Indian share markets ended lower today amid weak global cues. At the closing bell, the BSE Sensex finished lower by 262 points and the NSE Nifty finished down by 89 points. Meanwhile, the S&P BSE Midcap Index ended down by 1% while S&P BSE Small Cap Index ended down by 1.3%.

All sectoral indices ended the day in red with metal stocks and realty stocks leading the losses.

Globally, Asian stock markets finished sharply lower today with shares in China leading the region. The Shanghai Composite is down 3.8% while Hong Kong's Hang Seng is off 2.8% and Japan's Nikkei 225 is lower by 1.8%. European markets are broadly lower today with shares in Germany off the most. The DAX is down 1.6% while France's CAC 40 is off 1.3% and London's FTSE 100 is lower by 0.7%.

The rupee was trading at Rs 68.15 against the US$ in the afternoon session.

It's been almost five & a half months of 2018.

While the BSE-Sensex has increased marginally so far, the mid and small cap indices have fallen between 10% and 12%.
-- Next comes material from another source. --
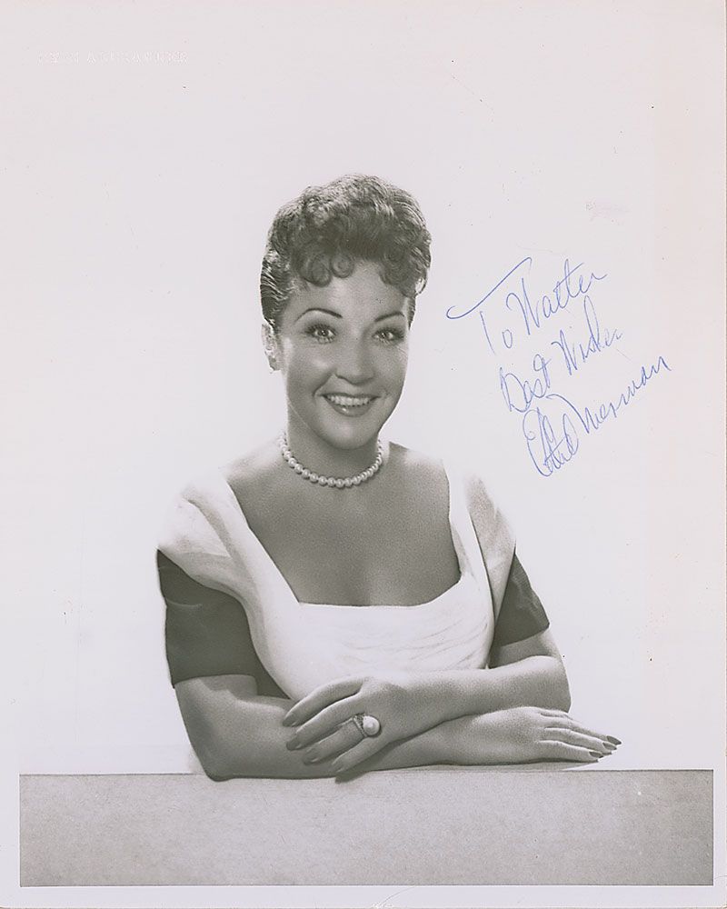 Ethel Merman: Matte-finish 8 x 10 photo by Chris Alexander, signed and inscribed in blue ballpoint, “To Walter, Best wishes, Ethel Merman.” In fine condition, with a couple creases to bottom edge and a photographer’s stamp to top.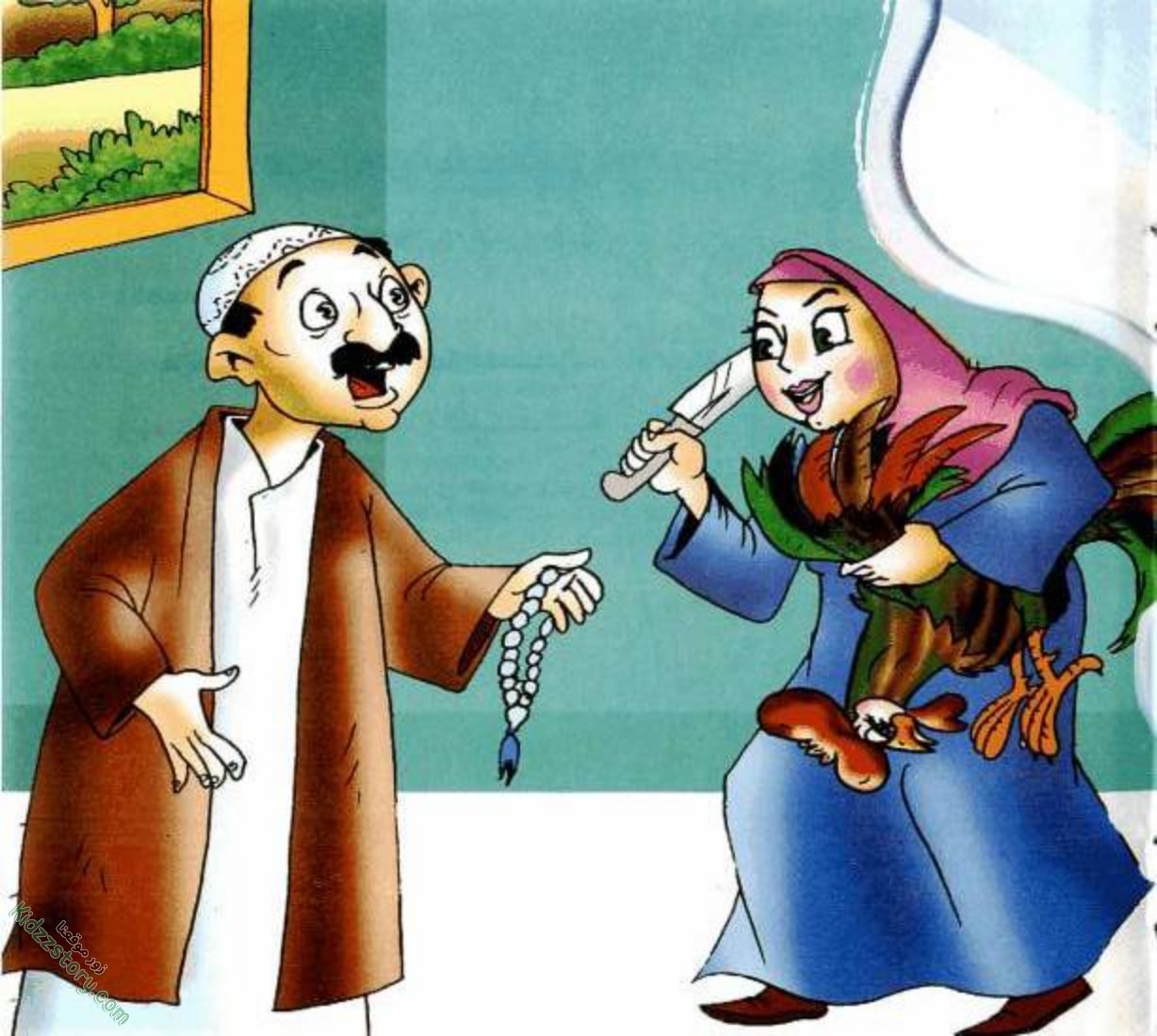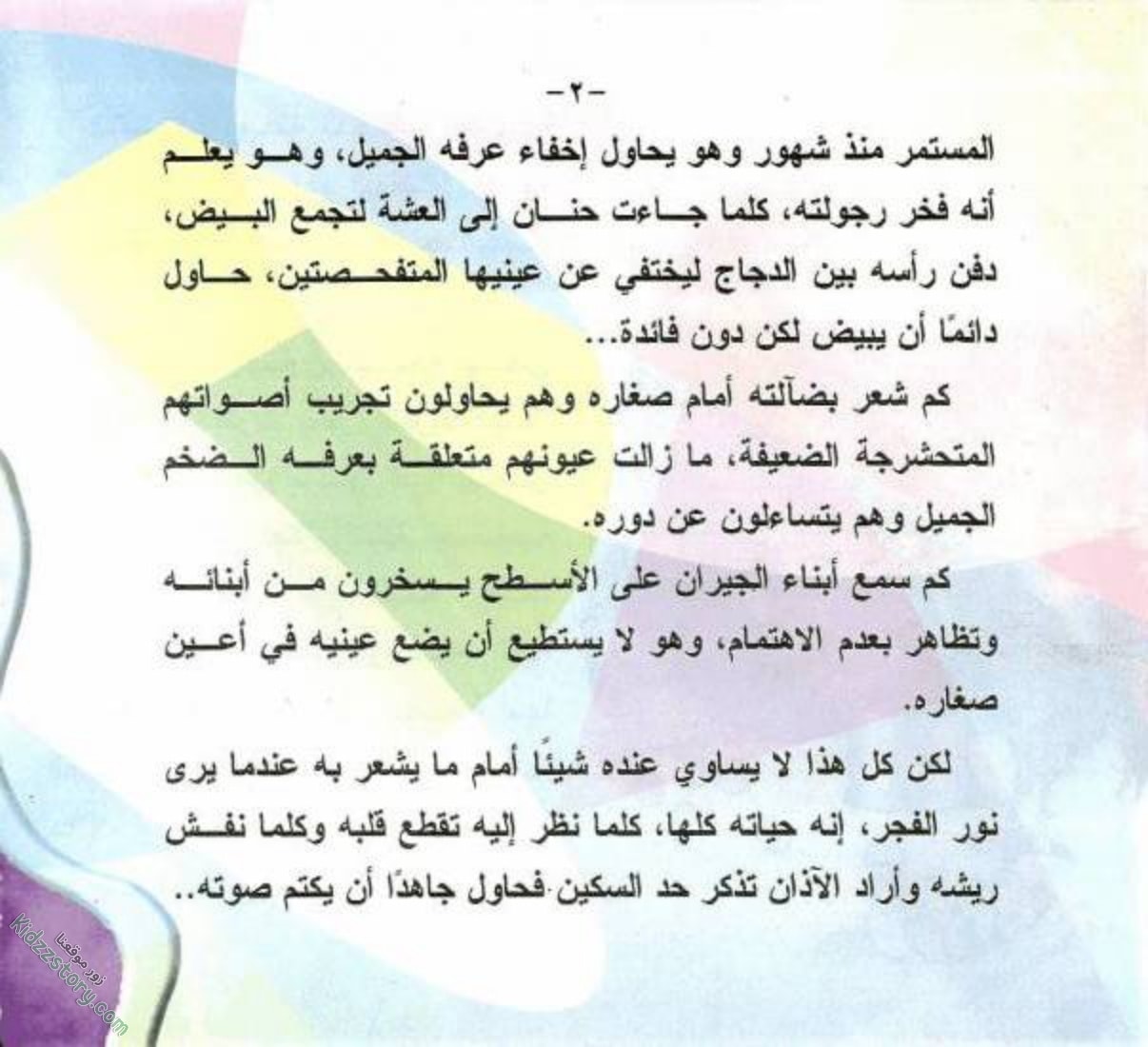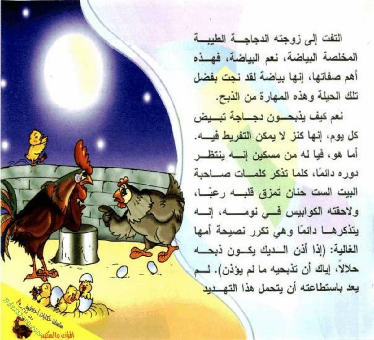التفت إلى زوجته الدجاجة الطيبة المخلصة البياضة، نعم البياضة، فهذه أهم صفاتها، إنها بياضة. لقد نجت بفضل تلك الحيلة وهذه المهارة من الذبح. نعم كيف يذبحون دجاجة تبيض كل يوم، إنها كنز لا يمكن التفريط فيه. أما هو فيا له من مسكين، إنه ينتظر دوره دائما، كلما تذكر كلمات صاحبة البيت الست حنان تمزق قلبه رعبا، ولاحقته الكوابيس في نومه، إنه يتذكرها دائما وهي تكرر نصيحة أمها الغالية: “إذا أذن الديك يكون ذبحه حلالا، إياك أن تذبحيه ما لم يؤذن.”

Uncertain Times for the Benchmark Index

But that's just the indices. Individual mid and small caps have fallen much more.

The steep fall in these indices is due to several reasons.

First, there has been some profit-booking in the mid and small cap space. After all, these indices were sharp outperformers in 2017. Second, rising crude oil prices and a falling rupee have taken a toll.

And third, there is some pressure in this space due to the re-alignment of investments by mutual fund managers prompted by the recent changes in regulation.

In such an environment, it makes sense for investors to be selective while buying stocks. Focus on value and the underlying fundamentals of the business. Then, they need not worry about the market.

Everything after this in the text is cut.